Gene prediction and annotation

The organelle sequences were excluded from the assembly data, and repeat regions were masked to use the assembly data for the gene prediction. RNA–seqs reads were mapped to the assembled genome sequences using HISAT2 v2.2.140 with default settings, and gene prediction was performed using the BRAKER2 v2.1.6 pipeline41, which integrates RNA-Seq data through GeneMark-ET (GENEMARK v.4.68)42 and refines gene models using AUGUSTUS v3.4.043, trained with the protein sequence data of Thalassoisira pseudonana, the closest species to Skeletonema. This process resulted in the annotation of 15,275–21,376 protein-coding genes in the Skeletonema genomes (Table 2). BRAKER was run with default parameters, incorporating transcript evidence to enhance the precision of the predicted gene structures. The closest protein homolog of each entry in the gene models of Skeletonema using Diamond v2.0.1344, and visualized results by Krona45.

Data Records

All DNA and RNA raw reads have been deposited in DDBJ with the accession numbers of DRR539406–DRR539437 (See Table 1)46. The complete genome sequences of chloroplast, mitochondria and nuclear rRNA genes were deposited with the accession numbers of LC814759–LC814791 (See Table 3)47.

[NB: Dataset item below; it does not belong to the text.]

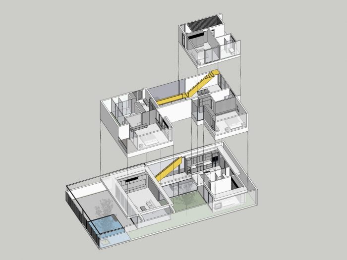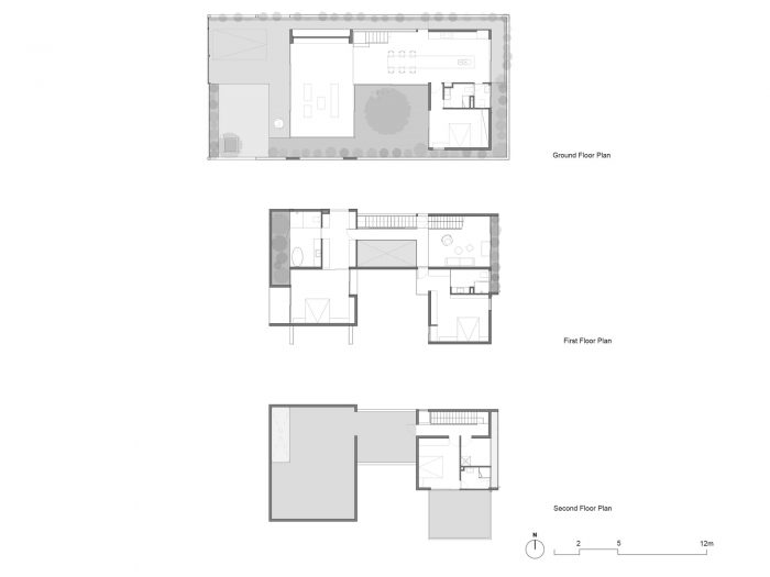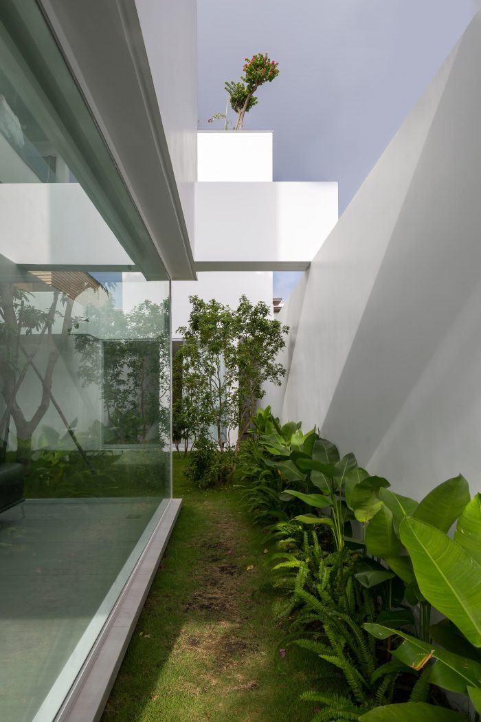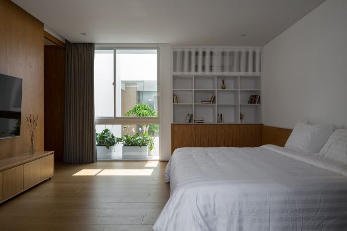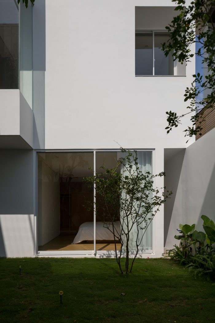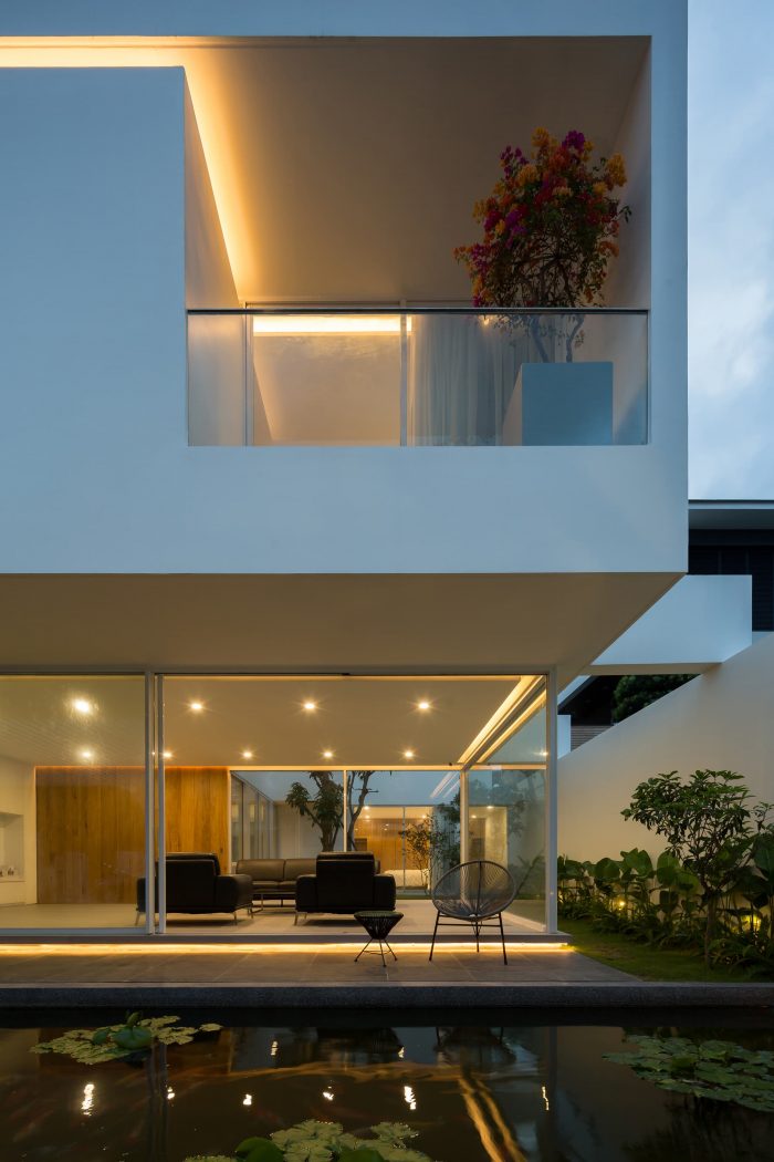 The connection of space brings the interaction of members in the house, which is the main factor we want to include in the project. The solution of subdividing the structure brings the garden and lake alternately into the work, so people keep in touch with nature and circulate the air better. We dedicate one-fifth of the area to the central garden so that all spaces are facing the garden, where everyone has a green space to relax.

The assembly genome data have also been deposited with the accession numbers of BAAHPM010000001-BAAHPM010000104, BAAHPN010000001-BAAHPN010000346, BAAHPO010000001-BAAHPO010000158, BAAHPP010000001-BAAHPP010000130, BAAHPQ010000001-BAAHPQ010000150, BAAHPR010000001-BAAHPR010000169, BAAHPS010000001-BAAHPS010000286, BAAHPT010000001-BAAHPT010000096, BAAHPU010000001-BAAHPU010000093, BAAHPV010000001-BAAHPV010000330, and BAAHPW010000001-BAAHPW010000121 (See Table 5)48

Table 5 The accession number information of the assembly genome on the strains of Skeletonema.

Technical Validation

Technical validation quality assessment of the genome assembly

The total assembly lengths are 40.3–69.3 Mbp, and the scaffold N50s are 0.3–1.1 Mbp (Table 2). BUSCO analysis was performed with Stramenopiles conserved genes databases to assess the completeness of the genome assembly, resulting in values of 90–98%.

Gene prediction and annotation validation

Gene models within the assembly were forecasted using Augustus, trained with the BUSCO assessment results. The ultimate gene set encompassed a range of 15,275 to 21,376 genes, as detailed in Table 2. The BUSCO value, ranging from 90% to 98%, closely paralleled those observed in the genome assembly. This congruence suggests the robust reliability of the generated genome models.